Adium

Profile: Mark Muir (quatre)

Mail
Comment Count 4 comments
0 xtras

Latest comments

# by quatre on 01/17/06 at 04:06:58

The issue with the daggers († and ‡) is to do with Messenger's log formats. Some versions represent the end of each conversation by an invalid Unicode sequence, whereas more recent versions instead mark the sender line with a (different) invalid Unicode character in the middle of the "Display name says:". And some other versions do neither of these, and instead mark the beginning of the first line of conversation with a sequence of daggers. My parser can't determine beforehand which type it will encounter, so instead expects any. There may be other formats which I haven't looked at in a hex editor. Most of the time this works fine, but sometimes a mixup can occur, which leaves in some of those invalid Unicode characters, or extra daggers.
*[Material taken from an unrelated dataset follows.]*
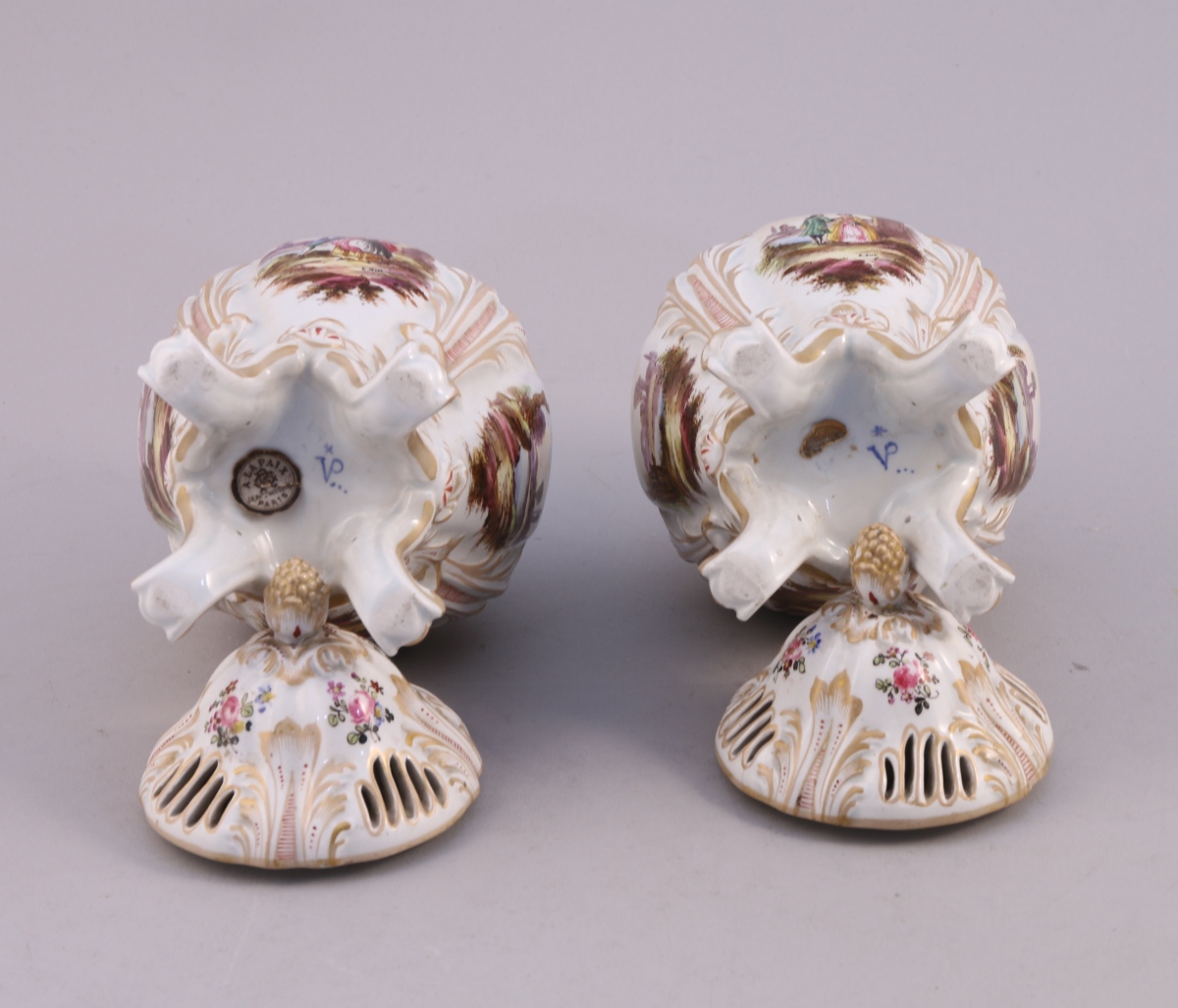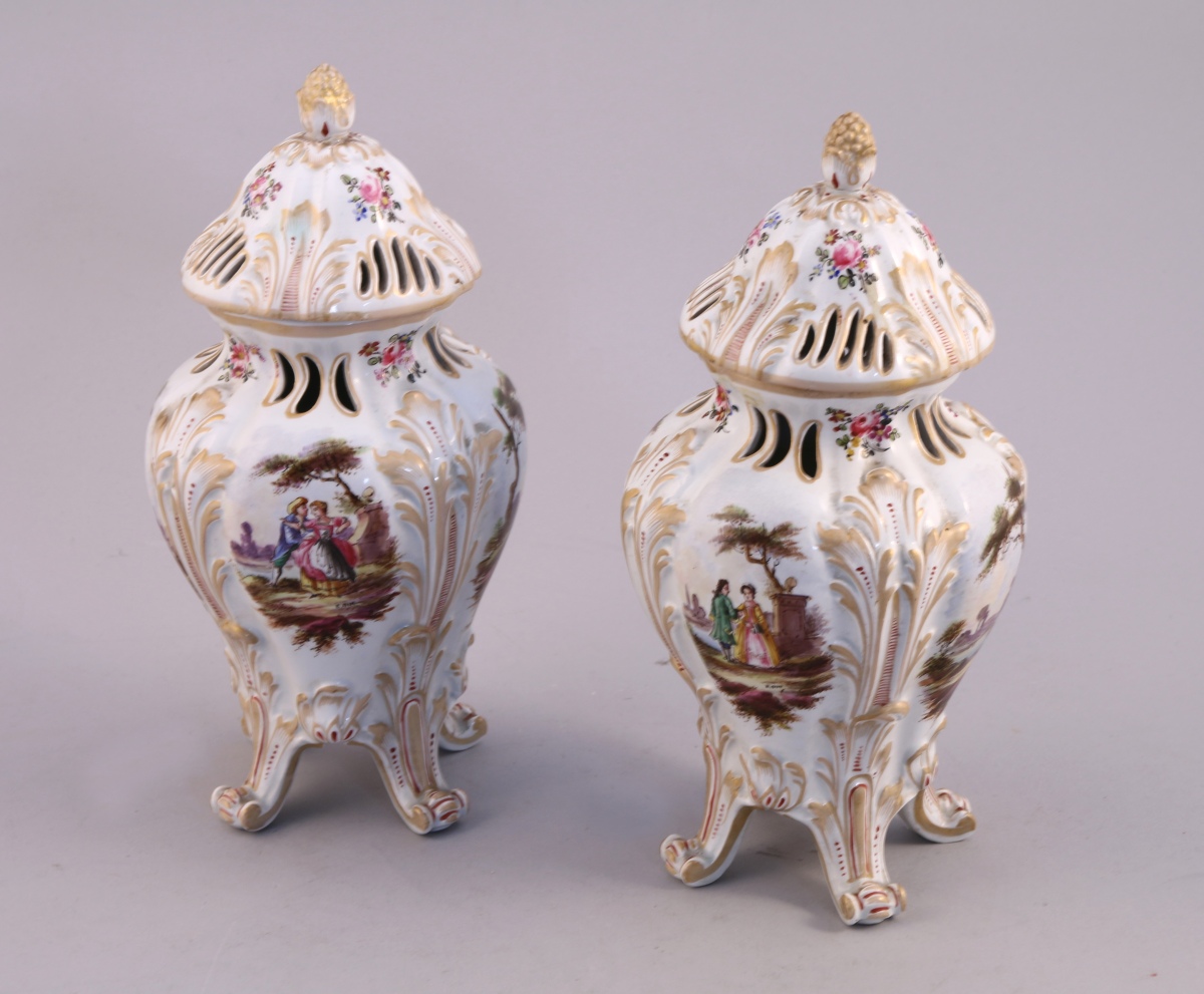 VEUVE PERRIN, faïence, dans le goût de. PAIRE DE POTS-POURRIS quadripodes à décor polychrome de couples dans des paysages romantiques et de bouquets fleuris.

I haven't got a fix for this - the Messenger file formats are just too idiotic to parse in an easy manner. This is also why the search feature in Messenger is so slow.
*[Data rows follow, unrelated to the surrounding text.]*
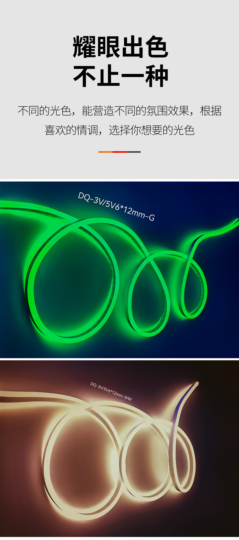 LED低压霓虹灯带 3V/5V柔性硅胶软灯条客厅家用工程防水霓虹灯带
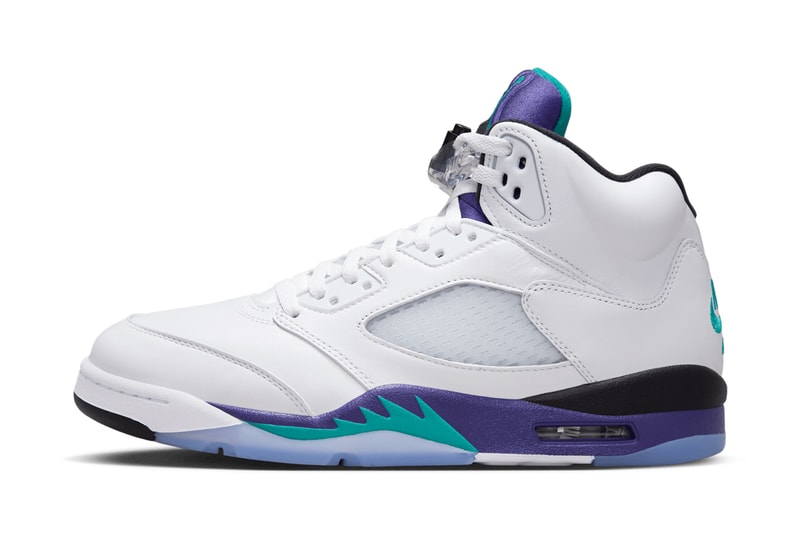 Name: Air Jordan 5 "Grape"Colorway: White/Grape Ice/New EmeraldSKU: HQ7978-100MSRP: $210 USDRelease Date: June 21Where to Buy: NikeUpdate: After being postponed, it's finally time for the Air Jordan 5 "Grape" to make its comeback. Nike has just presented official images of the OG look, highlighting the white, purple, and teal look that we discussed previously below. Nike Air branding is back on the heel as well. Release is now set to take place on June 21 via Nike SNKRS and select retailers at a starting price of $210 USD.Update: Over half a year after being rumored, we now have a first look at the return of the Air Jordan 5 "Grape." The throwback look last dropped in 2013 and is now returning with OG Nike Air branding at the heel. This initial preview of the pair confirms that it will stay true to the original with its "White," "Grape Ice" and "New Emerald" color scheme present across the sneaker. Release is now set to take place on April 19 via Nike SNKRS and select retailers at a starting price of $210 USD.Original Story: 2025 marks the 35th anniversary of the Air Jordan 5, and Jordan Brand may be pulling the heavy hitters out of the archive in celebration: early reports state that the Air Jordan 5 "Grape" will be returning. First released as one of four original Air Jordan 5 colorways in 1990, the "Grape" quickly became an early '90s pop culture icon upon release thanks to Will Smith sporting it in the intro to — and several episodes of - The Fresh Prince of Bel-Air, and Michael Jordan himself donning it on the cover of a Wheaties box.The news, first reported by Sneaker Files and zsneakerheadz, means that the "Grape" will be making its fourth arrival on shelves, and, per their reporting, this iteration will feature the most true-to-the-original shape yet, plus OG Nike Air branding on the heel. After its inaugural release, the "Grape" was retroed for the first time in 2006 as part of Jordan Brand's LS (lifestyle) series, then again in 2013. There was also a "Fresh Prince" iteration that dropped in 2018 to celebrate Will Smith's 50th birthday, which discarded laces in favor of an elastic collar to salute how Smith wore his pair in The Fresh Prince of Bel-Air. Besides those releases, the "Grape" has also served as inspiration for a "Black Grape" colorway in 2013 and an "Alternate Grape" makeup in 2020, not to mention a golf-centric 2020 "Black Grape" release as well.An official date of arrival for the Air Jordan 5 "Grape" has yet to be revealed, but it'll supposedly touch down as part of Jordan Brand's summer 2025 line. Information on pricing is forthcoming too, but the 2025 "Grape" will likely retail for around $220 USD. Stay tuned for further updates as they're made available.Click here to view full gallery at Hypebeast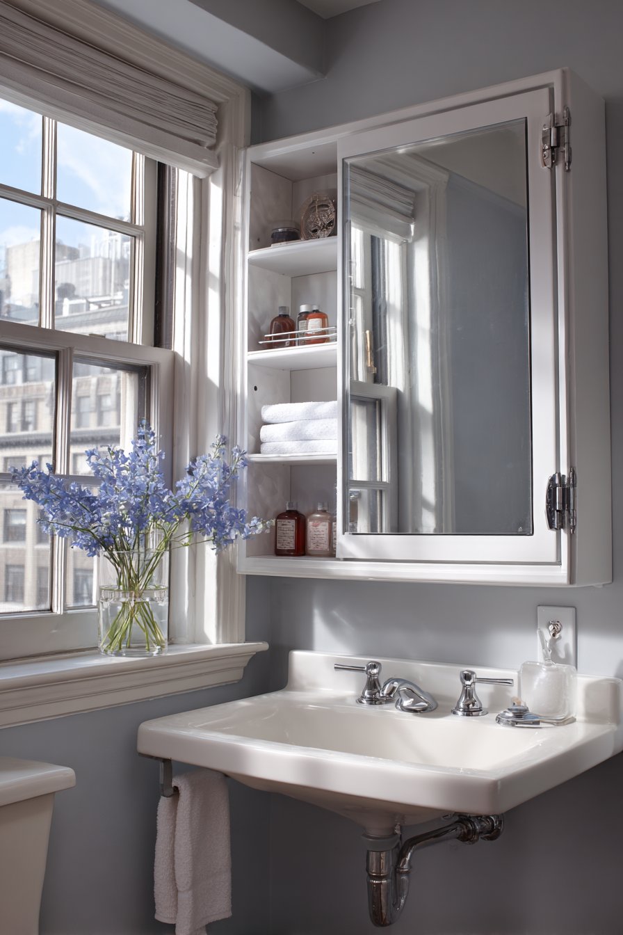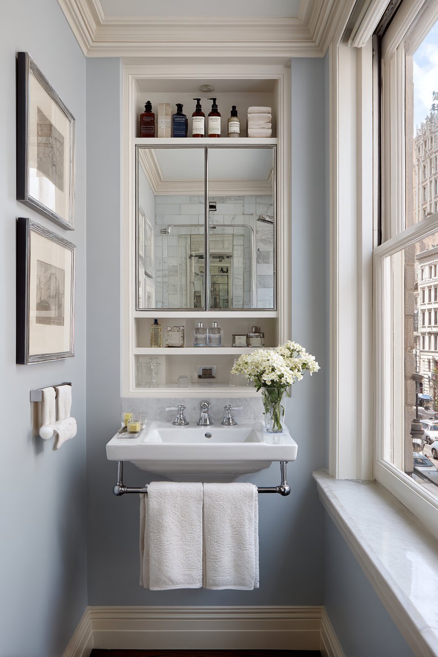 Inside the bathroom, a pedestal sink and wall-mounted storage maximize the limited footprint by keeping the floor as clear as possible, a crucial strategy in bathrooms where every square foot counts. The pedestal sink’s slim profile provides essential washing functionality without the bulk of vanity cabinets, while wall-mounted storage keeps toiletries and towels accessible without encroaching on movement space. Recessed lighting provides even illumination without requiring surface-mounted fixtures that would protrude into the limited overhead space.

# by quatre on 01/17/06 at 03:39:15

OK, sorted it. The Adium logs don't use UTF-8 - they represent Unicode characters using HTML entities such as Λ (hopefully that will be escaped by this wiki). So my test logs now work in Adium. Hopefully it will work for you guys too.
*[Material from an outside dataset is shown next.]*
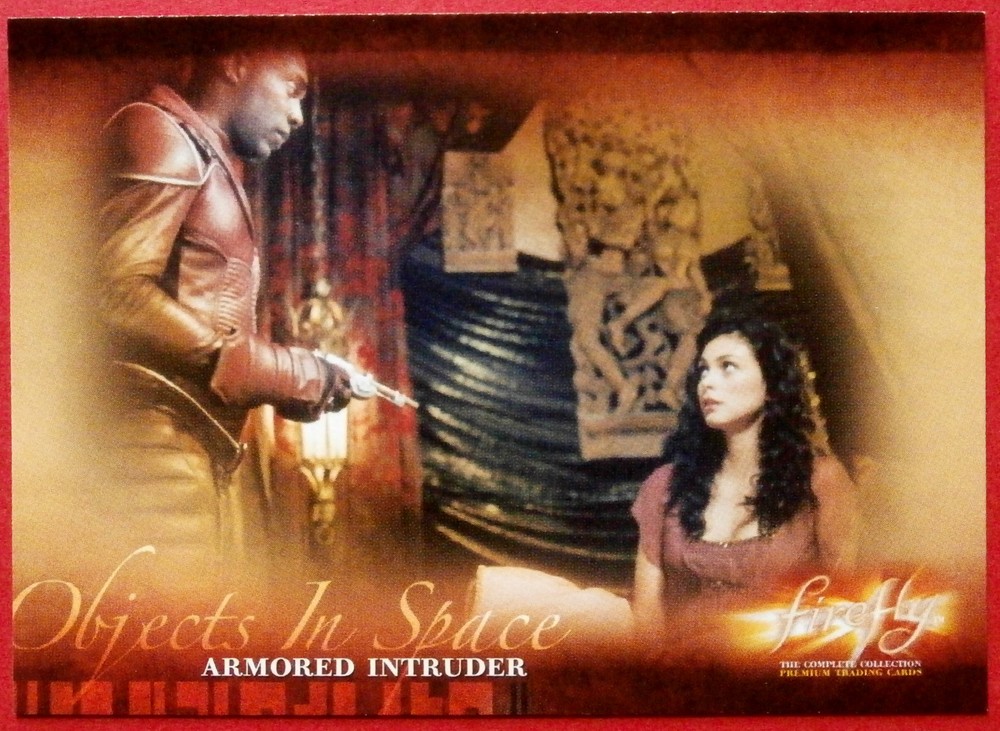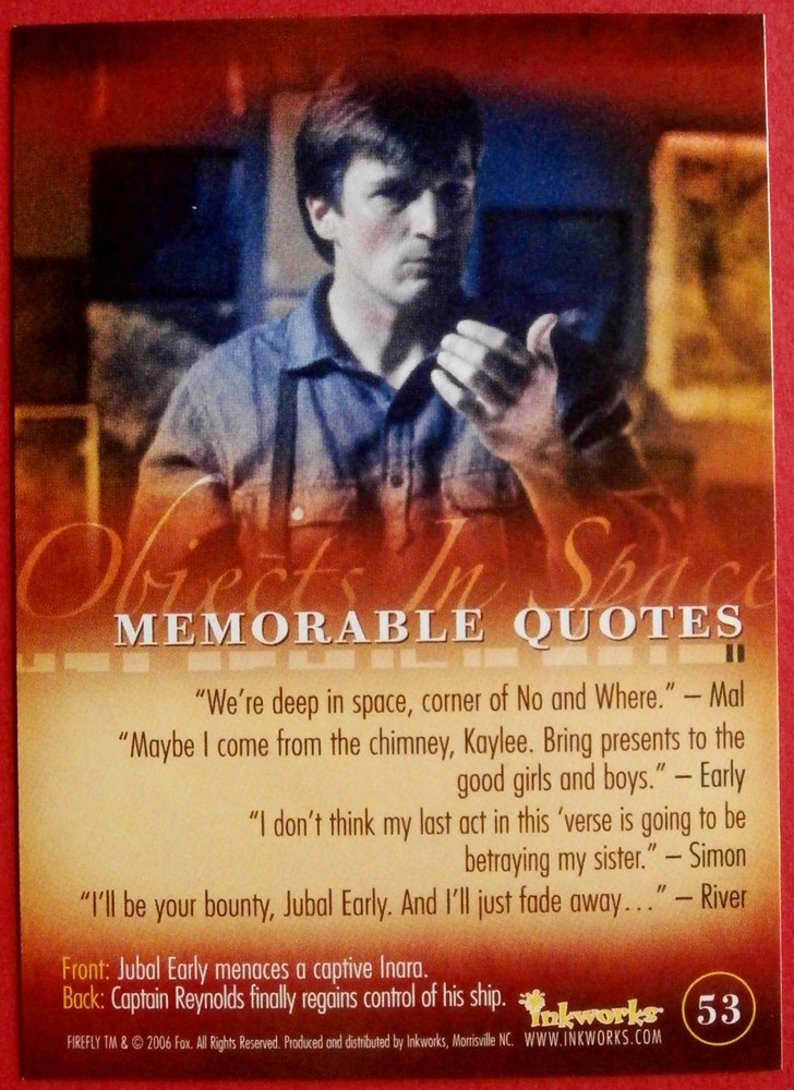 Joss Whedon's FIREFLY - Individual Card from the 72 card BASE SET issued by Inkworks in 2006. Firefly is an American space western drama television series created by writer and director Joss Whedon, under his Mutant Enemy Productions label. Whedon served as an executive producer, along with Tim Minear. The series is set in the year 2517, after the arrival of humans in a new star system and follows the adventures of the renegade crew of Serenity, a "Firefly-class" spaceship. The ensemble cast portrays the nine characters who live on Serenity. Whedon pitched the show as "nine people looking into the blackness of space and seeing nine different things". The show explores the lives of a group of people who fought on the losing side of a civil war and others who now make a living on the fringe of society, as part of the pioneer culture of their star system. In this future, the only two surviving superpowers, the United States and China, fused to form the central federal government, called the Alliance, resulting in the fusion of the two cultures. According to Whedon's vision, "nothing will change in the future: technology will advance, but we will still have the same political, moral, and ethical problems as today". Firefly premiered in the U.S. on the Fox network on September 20, 2002. By mid-December, Firefly had averaged 4.7 million viewers per episode and was 98th in Nielsen ratings. It was canceled after eleven of the fourteen produced episodes were aired. Despite the relatively short life span of the series, it received strong sales when it was released on DVD and has large fan support campaigns. It won a Primetime Emmy Award in 2003 for Outstanding Special Visual Effects for a Series. TV Guide ranked the series at No. 5 on their 2013 list of 60 shows that were "Cancelled Too Soon". The post-airing success of the show led Whedon and Universal Pictures to produce Serenity, a 2005 film which continues from the story of the series, and the Firefly franchise expanded to other media, including comics and a role-playing game. Backstory: The series takes place in the year 2517, on a variety of planets and moons. The TV series does not reveal whether these celestial bodies are within one star system, only saying that Serenity's mode of propulsion is a "gravity-drive". The film Serenity makes clear that all the planets and moons are in one large system, and production documents related to the film indicate that there is no faster-than-light travel in this universe. The characters occasionally refer to "Earth-that-was", and the film establishes that, long before the events in the series, a large population had emigrated from Earth to a new star system in generation ships: "Earth-that-was could no longer sustain our numbers, we were so many". The emigrants established themselves in this new star system, with "dozens of planets and hundreds of moons". Many of these were terraformed, a process in which a planet or moon is altered to resemble Earth. The terraforming process was only the first step in making a planet habitable, however, and the outlying settlements often did not receive any further support in the construction of their civilizations. This resulted in many of the border planets and moons having forbidding, dry environments, well-suited to the Western genre. Synopsis: The show takes its name from the "Firefly-class" spaceship, Serenity, that the central characters call home. It resembles a firefly in general arrangement, and the tail section, analogous to a bioluminescent insectoid abdomen, lights up during acceleration. The ship was named after the Battle of Serenity Valley, where Mal and Zoe were on the losing side. It is revealed in "Bushwhacked" that the Battle of Serenity Valley is widely considered the loss which sealed the fate of the Independents. Throughout the series, the Alliance is shown to govern the star system through an organization of "core" planets, following its success in forcibly unifying all the colonies under a single government. DVD commentary suggests that the Alliance is composed of two primary "core" systems, one predominantly Western in culture, the other pan-Asian, justifying the mixed linguistic and visual themes of the series. The central planets are firmly under Alliance control, but the outlying planets and moons resemble the 19th-century American West, with little governmental authority. Settlers and refugees on the outlying worlds have relative freedom from the central government, but lack the amenities of the high-tech civilization that exists on the inner worlds. In addition, the outlying areas of space ("the black") are inhabited by the Reavers, a cannibalistic group of nomadic humans that have become savage and animalistic. The captain of the crew of Serenity is Malcolm "Mal" Reynolds (Nathan Fillion) and the episode "Serenity" establishes that the captain and his first mate Zoe Washburne (Gina Torres) are veteran "Browncoats" of the Unification War, a failed attempt by the outlying worlds to resist the Alliance's assertion of control. A later episode, titled "Out of Gas", reveals that Mal bought the spaceship Serenity to continue living beyond Alliance control. Much of the crew's work consists of cargo runs or smuggling. One of the main story arcs is that of River Tam (Summer Glau) and her brother Simon (Sean Maher). River is a child prodigy, whose brain was subjected to experiments at the hands of Alliance scientists at a secret government institution. As a result, she displays schizophrenia and often hears voices. It is later revealed that she is a "reader", one who possesses telepathic abilities. Simon gave up a career as a highly successful trauma surgeon to rescue her from the Alliance, and as a result of this rescue they are both wanted fugitives. In the original pilot "Serenity", Simon joins the crew as a paying passenger with River smuggled on board as cargo. As Whedon states in an episodic DVD commentary, every show he does is about creati

Again, I'll get Fuyutsuki to upload it (now version 1.2).

# by quatre on 01/17/06 at 03:20:33

OK, I've now read some material on UCS-10646 and Unicode, and now I recognise that the encoding used in Messenger is UCS-2 (UTF-16), which I've now made the parser able to convert into UTF-8. After some tests with some Greek, I've validated that the conversion works, but unfortunately Adium's log viewer incorrectly interprets them as Mac Roman, like how TextEdit does if I open it with it (unless I explicitly tell it to open everything as UTF-8). I tried manually adding an HTML encoding line to the top of the log, which causes Safari to be able to show the characters properly, but Adium's log viewer ignores it.

I would appreciate it if someone who routinely uses Unicode characters in their Adium conversations could post me a snippet of one of their logs, so I can see how it identifies the encoding. Or maybe it doesn't, and it's just the current locale set in the OS that's causing the problem…

I'll get Fuyutsuki to upload this new version once he next comes online (version 1.1).

# by quatre on 01/16/06 at 12:18:23

Actually, it is because the MSN logs are a binary file format, and don't store the text as UTF-8. They use a format that I'm not familiar with (16 bits per character - I think this is wchar, but I don't know much about that encoding), so all my scripts do is basically ignore the most significant byte (except in a few special cases - those that I found in my own logs).

I can fix this (to properly translate to UTF-8) if anyone can point me in the direction of some suitable documentation.